What to work on. The reply should hold only the lines from the one with "(1881 - 1955)" to the one with "from across river", both ends kept, exactly as they appear below, without any pictures.

- - - -

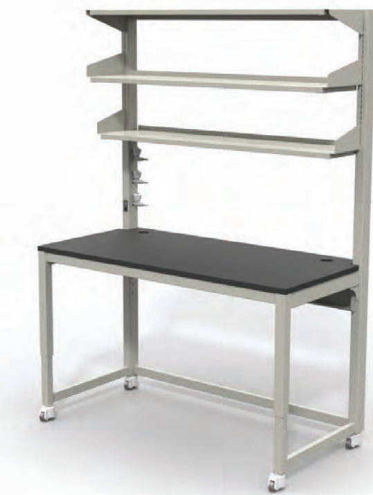
Altus™ Mobile Solutions - Heavy-duty swivel casters have leveling capabilities for times when you need both mobility and absolute stability.
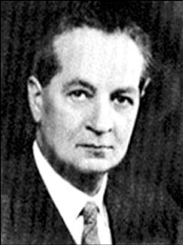
• Alfred Reginald Radcliffe-Brown • (1881 - 1955)
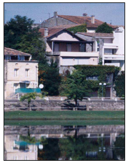
view of "La Liberte" from across river

Welcome to La Liberte ! Situated on the Dordogne River. This bright and spacious home borders the town of "Castillon La Bataille" and boasts stunning 180 degree views of the river and surrounding vineyards. The house is only a 5 minute walk from the centre of town, just 12 kms from prestigious Saint Emilion and 50 minutes from the beautiful and historic city of Bordeaux.
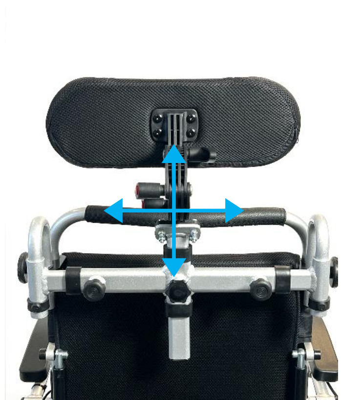
4. If desired the base position of the headrest can be now adjusted sideways or up/down with the 3 adjustment knobs. Tighten firmly.
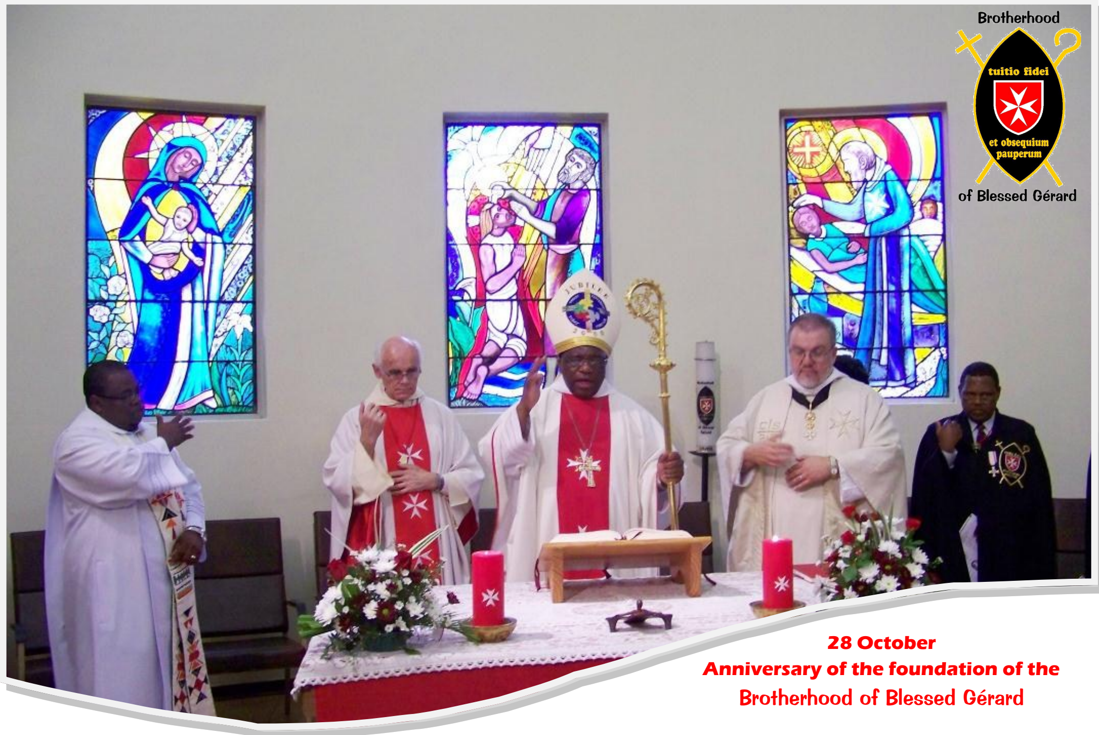
28 October Anniversary of the foundation of the Brotherhood of Blessed Gérard

- - - -

Answer to this task.
• Alfred Reginald Radcliffe-Brown • (1881 - 1955)
view of "La Liberte" from across river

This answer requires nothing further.